*Problem to solve*: In the entries below, find the line containing "Peony flower sticker" and the line containing "Общая площадь квартиры". Copy those two lines and everything between them exactly, and only that.

*Task data*:

::::::::::

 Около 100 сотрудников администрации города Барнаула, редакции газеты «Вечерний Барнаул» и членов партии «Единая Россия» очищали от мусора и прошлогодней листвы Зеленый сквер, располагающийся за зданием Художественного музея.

::::::::::

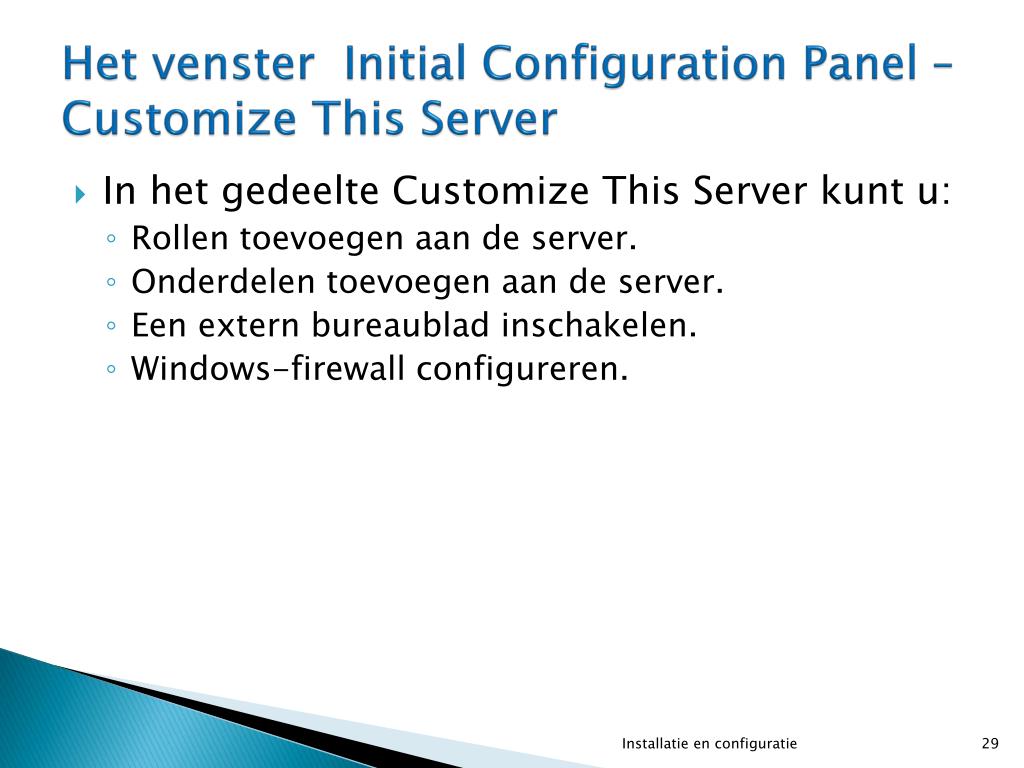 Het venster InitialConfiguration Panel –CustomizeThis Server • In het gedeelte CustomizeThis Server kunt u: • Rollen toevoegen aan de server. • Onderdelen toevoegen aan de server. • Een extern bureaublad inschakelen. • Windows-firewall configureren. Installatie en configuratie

::::::::::

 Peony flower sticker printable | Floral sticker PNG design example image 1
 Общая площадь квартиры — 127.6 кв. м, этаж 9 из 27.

::::::::::

*Response box*:
 Peony flower sticker printable | Floral sticker PNG design example image 1
 Общая площадь квартиры — 127.6 кв. м, этаж 9 из 27.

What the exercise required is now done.